Self-Employed Retirement Plans: Secure Safe Retirement Income

Owning a business is an ideal means of earning a lot of money and becoming financially secured and at the same time, business owners are also encouraged to plan ahead and take advantage of the available self-employed retirement plans that can provide you income, security and flexibility.

Taking advantage of the tax savings provided by retirement plans is practical and hassle free, requiring only a little planning. Proactive retirement planning for the self employed ensures you will be adequately provided for during your golden years.

In securing a retirement plan when owning a business, it is essential to understand the basics of self-employed retirement plans to take full advantage of their benefits. The first thing to consider is to know the three most common plans:

  1. SEP-IRA
  2. SIMPLE Plan
  3. Solo 401k

SEP-IRA

The first type of retirement plan for the self-employed, is the SEP-IRA, it is the most basic and easiest to create and maintain. SEP-IRA plans, in which SEP stands for Simplified Employee Pension, is basically a traditional IRA account designed for the self-employed.

In addition, the Simplified Employee Pension Plan has higher contribution limitations allowing for more tax savings if you take advantage of the contributions fully.

Since this kind of pension plan for self-employed individuals is very easy to understand and maintain until the retirement age, a lot of people find them beneficial over the long term.

This is because the simplicity of the plan frees up your time to worry about the fund investments and growth of your business.

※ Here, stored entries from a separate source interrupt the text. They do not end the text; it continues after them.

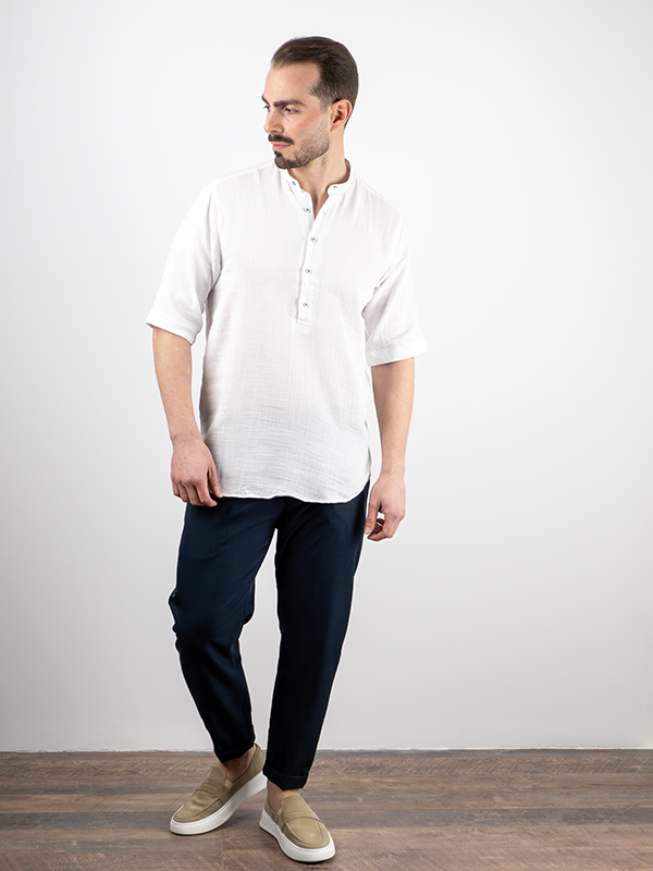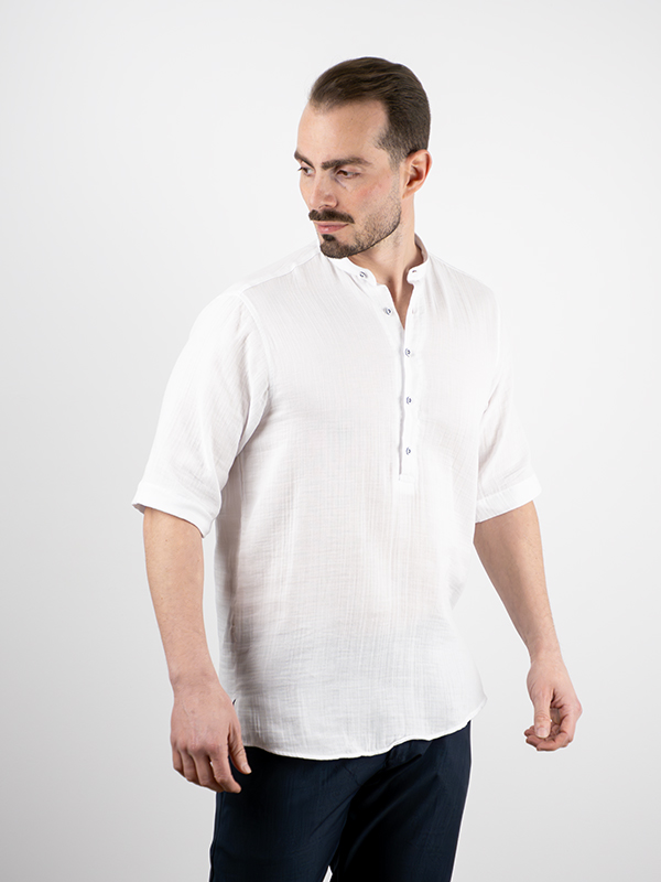 Πουκάμισο Overzised Με Μάο Γιακά Λευκό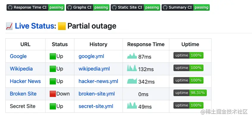 New Upptime 是一个开源的正常运行时间监控和状态页面,可直接在页面查看到各个网站的连接状况、响应时间、可靠度。由 GitHub 提供技术支持,采用 GitHub Action 实现运行时间监控器,GitHub issue 作事件报告及 GitHub Pages 生成状态网站。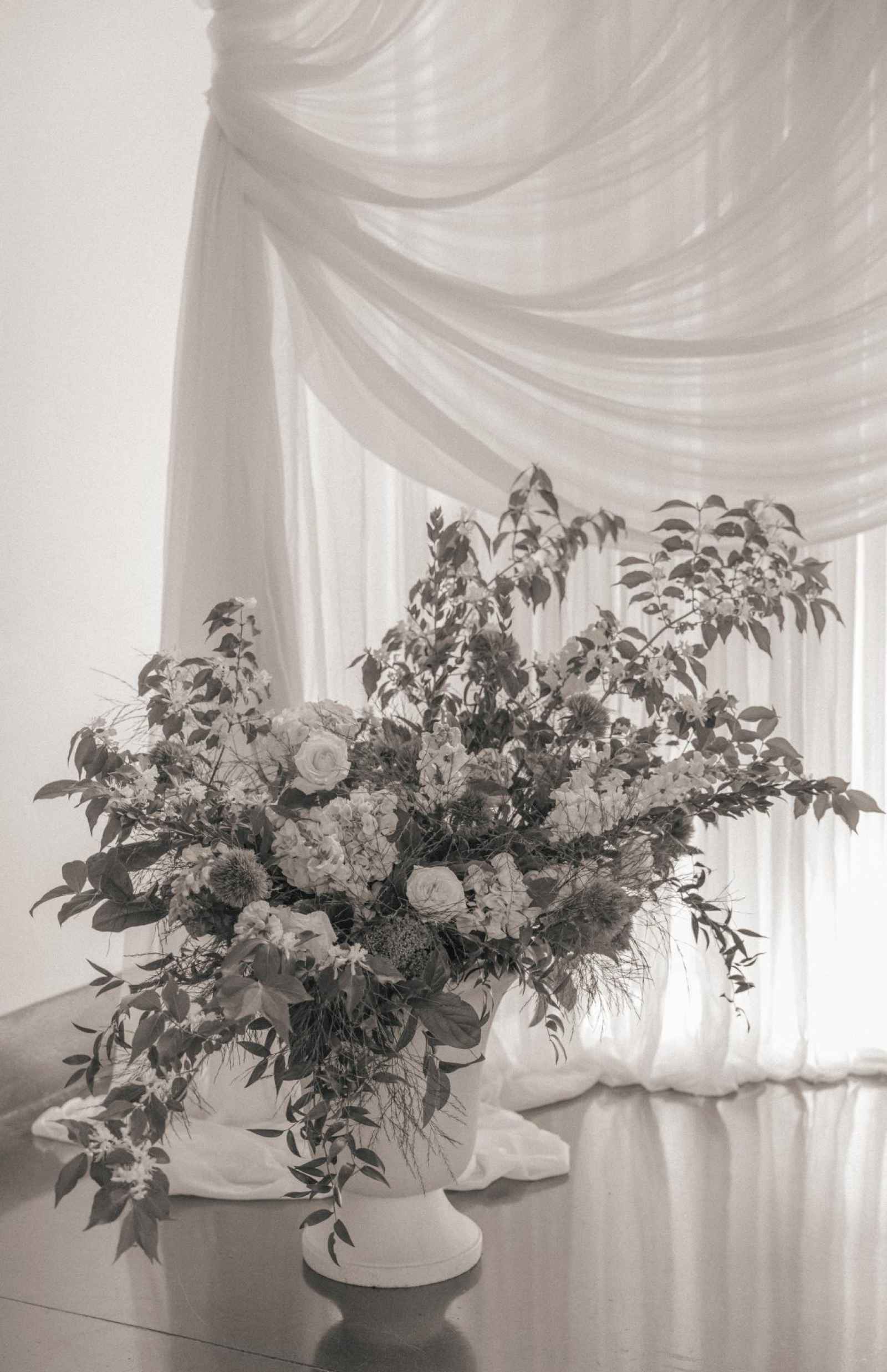 The arbor was draped in flowing fabric and cascading vines, anchored by grand urns overflowing with lush white and green florals. The bride’s soft curls and gently pinned tendrils completed the look, capturing a quiet, princess-like grace that felt both regal and modern.

Aside from being simple, another huge benefit of the Simplified Employee Pension Plan is that the contribution date is extendable. If your business encounters financial difficulties or a crisis at some point in which contribution dates are missed, with the Simplified Employee Pension Plan, contributors will be able to have more time to gather resources and fund the plan.

This flexibility provides incredible opportunity to the small business owner.

As mentioned, there is a contribution limit incorporated with the SEP-IRA. In most cases, the amount of the contribution is 25 percent of the compensation while in some cases, the contribution is 20 percent. Together with these percentages, self-employment tax is also incorporated in the computation of contributions.

SIMPLE Plan

Another kind of retirement plan for self-employed individuals is the SIMPLE Plan where the word SIMPLE stands for Savings Incentive Match Plan for Employees. A SIMPLE plan is thought of as a compensation deferral plan, which actually has similarities on the basic concept of the employer-sponsored 401k plan.

Unlike the Simplified Employee Pension Plan, where contribution deadlines are easier to deal with, the SIMPLE Plan is stricter and has higher demands on contribution dates.

On the other hand, a SIMPLE Plan has lower contribution limits as compared to SEP-IRA but the percentage of the business profit is not accounted for in the contribution.

One of the advantages of a SIMPLE Plan to the owner is that it permits the business with a lower net profit to use a larger ratio of that profit for retirement alone. At the same time, a SIMPLE Plan also provides immediate vesting for the benefit of the participants.

Establishing a SIMPLE Plan, as well as a SEP-IRA, requires only a minimal costs, which is why these first two types of retirement plans for self-employed individuals are most commonly used.

Solo 401k Plan

The third type of retirement plan for self-employed individuals is the Solo 401k Plan, which is also referred to the Single-Participant 401k Plan. This kind of plan is created by the Economic Growth and Tax Reconciliation Act and is actually the same with the Traditional 401k plan that is being offered by private companies for their employees.

However, the Solo 401k plan is created for an individual who is self-employed and at the same time, it requires less administrative work compared to the traditional 401k.

To qualify and be eligible for the Solo 401k Plan you must be the business owner and or your spouse. If an individual does not fall under this category, he or she should consider another retirement plan designed for the self-employed.

The overall benefits of taking advantage of the Solo 401k Plan is that it requires minimal administrative work, such as paper work, filing and the like. In addition, this plan is easy to maintain like the Simplified Employee Pension Plan. Another benefit of the Solo 401k Plan is that is entails discretionary contributions and immediate vesting, which is similar to the previously discussed plan.

With all these advantages, a 401k Plan simply maximizes the retirement contributions you are capable of making from a tax perspective.

Learning the different types of self-employed retirement plans is not enough to secure your future. Choosing the right plan to build your future retirement is best determined by analyzing your unique financial profile and requirements. Taking advantage of the right plan to maximize your tax savings can make the difference in the quality of your retirement.

The right decisions can help you retire sooner, with more security, and more income.